Segment Open
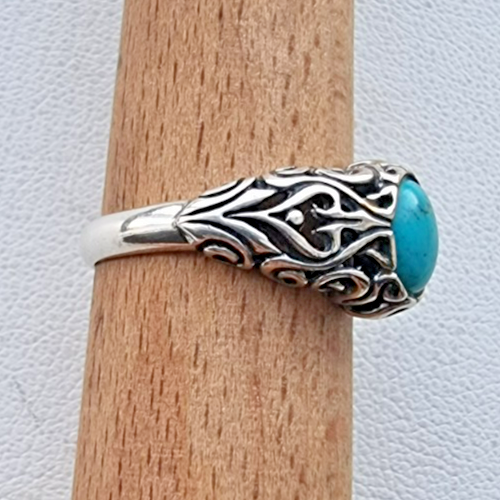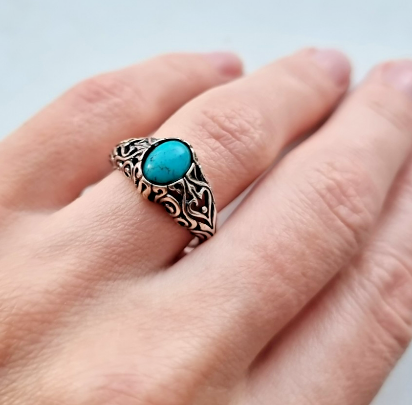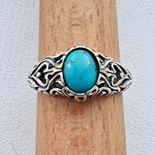 SOUTHWESTERN 925 STERLING SILVER OVAL 8x6 mm.TURQUOISE SCROLL SWIRL RING SIZE 8
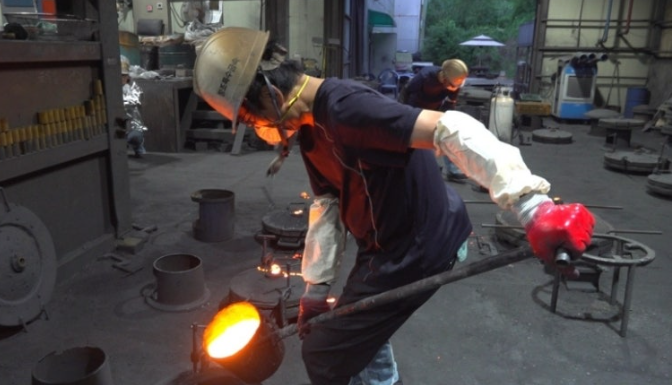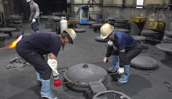 무쇠 가마솥 제작은 단순히 쇳물을 붓는 것으로 끝나지 않습니다. 거푸집에 쇳물을 넣고 식히면 곧바로 틀을 제거한 뒤 세 차례의 연마 과정을 거쳐야만 매끄러운 표면이 만들어집니다.
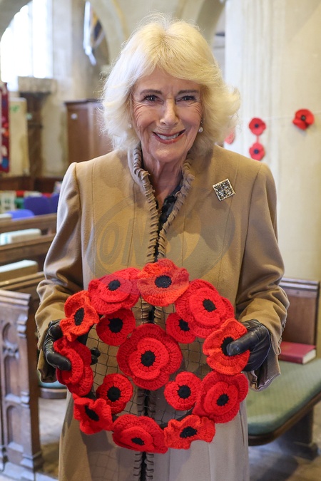 CORSHAM, ENGLAND - OCTOBER 28: Queen Camilla smiles as she holds a wreath inside St. Bartholomew's Church during her visit to The Poppy Project on October 28, 2025 in Corsham, England. The Poppy Project has resulted in a display of crocheted and knitted poppies, which commemorates the 80th anniversary of the end of World War II., Credit:Chris Jackson / Avalon
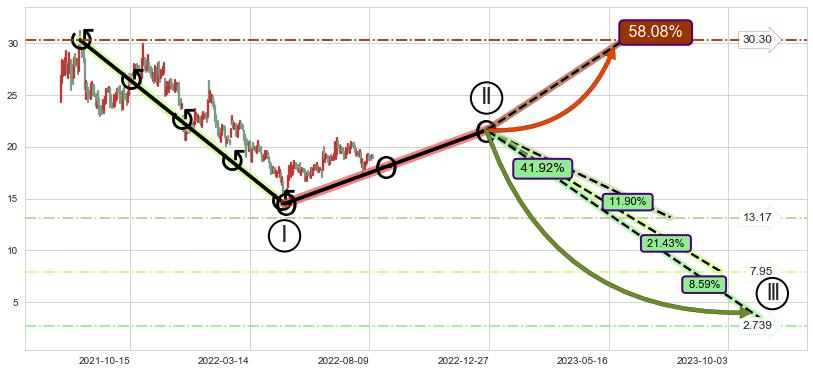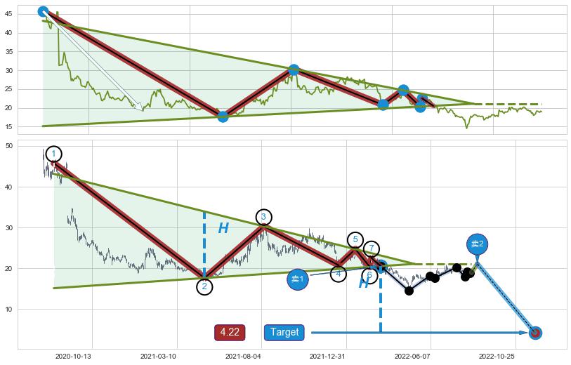 ➣ D点拟合预测价格38.97,距离最后交易收盘价格18.95相差 +105.64%
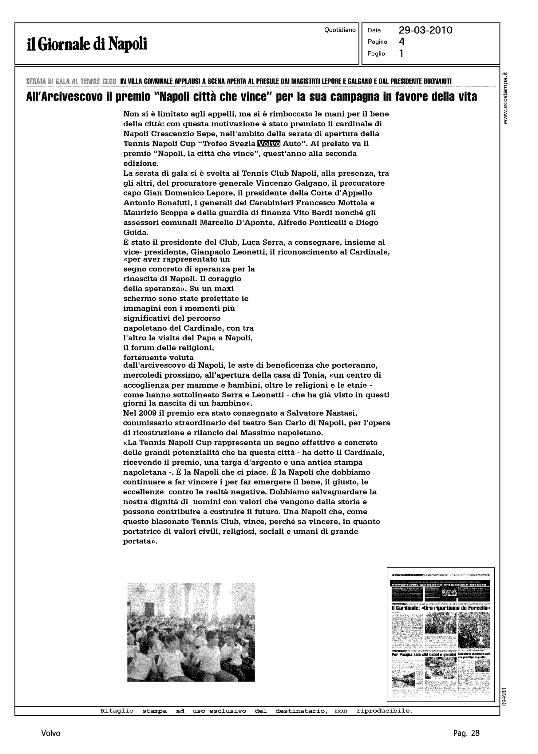 Author: Line: Corporate Model: Corporate Subject: - Title: TENNIS NAPOLI CLUB...Highlight: INTERVENTO DEL VESCOVO DI NAPOLI AL TENNIS NAPOLI CLUB
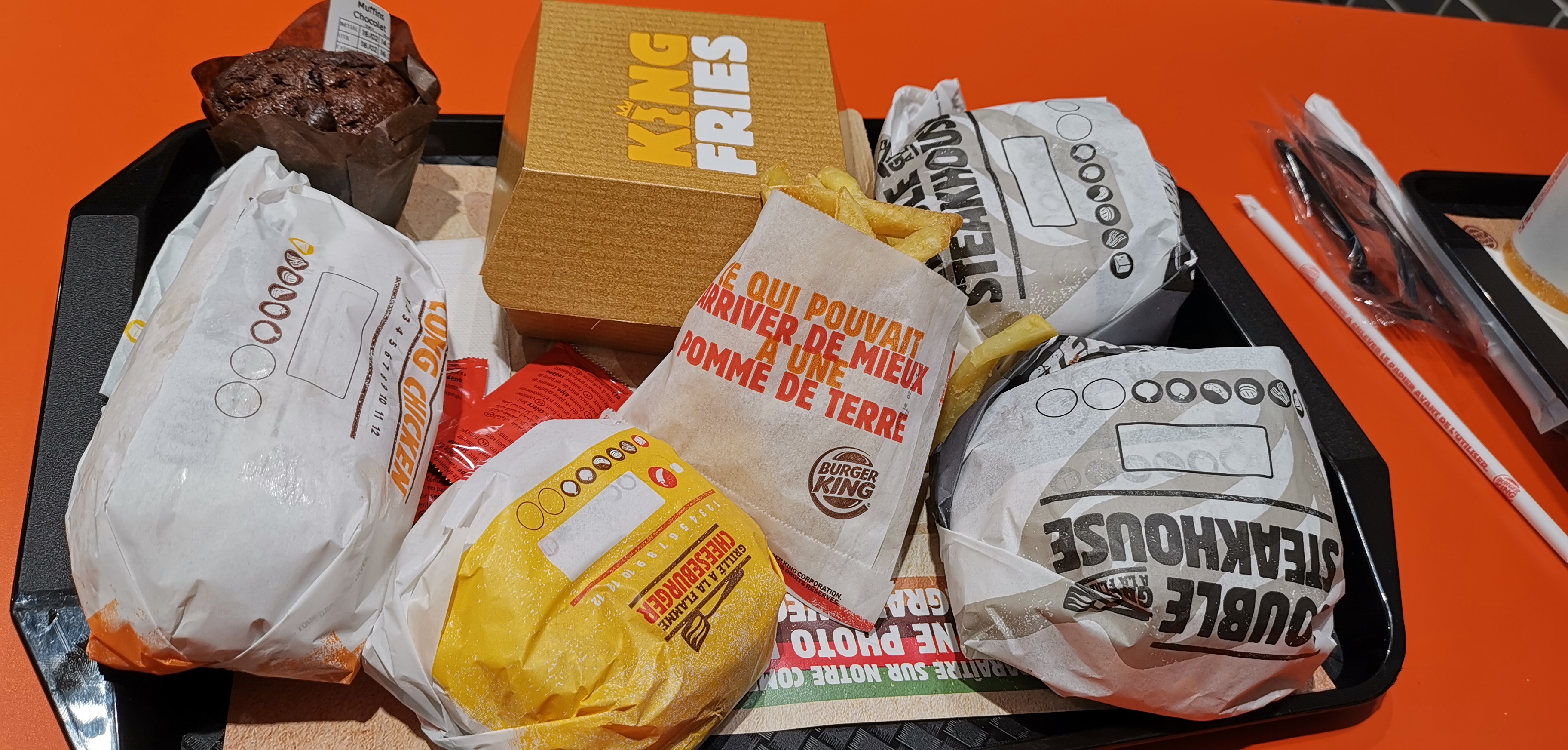 Rien a dire sur la commande, Mais le service une catastrophe, la serveuse ne dit pas bonjour, pose le plateau en nous bousculant sans s'excuser, pas de serviettes sur notre plateau. Si madame n'aime pas le contact avec la clientèle, elle devrait changer de travail.
Segment Closed
■ Exercise details: Reproduce every record word for word. The copy must contain no pictures.

■ Task output:
 SOUTHWESTERN 925 STERLING SILVER OVAL 8x6 mm.TURQUOISE SCROLL SWIRL RING SIZE 8
 무쇠 가마솥 제작은 단순히 쇳물을 붓는 것으로 끝나지 않습니다. 거푸집에 쇳물을 넣고 식히면 곧바로 틀을 제거한 뒤 세 차례의 연마 과정을 거쳐야만 매끄러운 표면이 만들어집니다.
 CORSHAM, ENGLAND - OCTOBER 28: Queen Camilla smiles as she holds a wreath inside St. Bartholomew's Church during her visit to The Poppy Project on October 28, 2025 in Corsham, England. The Poppy Project has resulted in a display of crocheted and knitted poppies, which commemorates the 80th anniversary of the end of World War II., Credit:Chris Jackson / Avalon
 ➣ D点拟合预测价格38.97,距离最后交易收盘价格18.95相差 +105.64%
 Author: Line: Corporate Model: Corporate Subject: - Title: TENNIS NAPOLI CLUB...Highlight: INTERVENTO DEL VESCOVO DI NAPOLI AL TENNIS NAPOLI CLUB
 Rien a dire sur la commande, Mais le service une catastrophe, la serveuse ne dit pas bonjour, pose le plateau en nous bousculant sans s'excuser, pas de serviettes sur notre plateau. Si madame n'aime pas le contact avec la clientèle, elle devrait changer de travail.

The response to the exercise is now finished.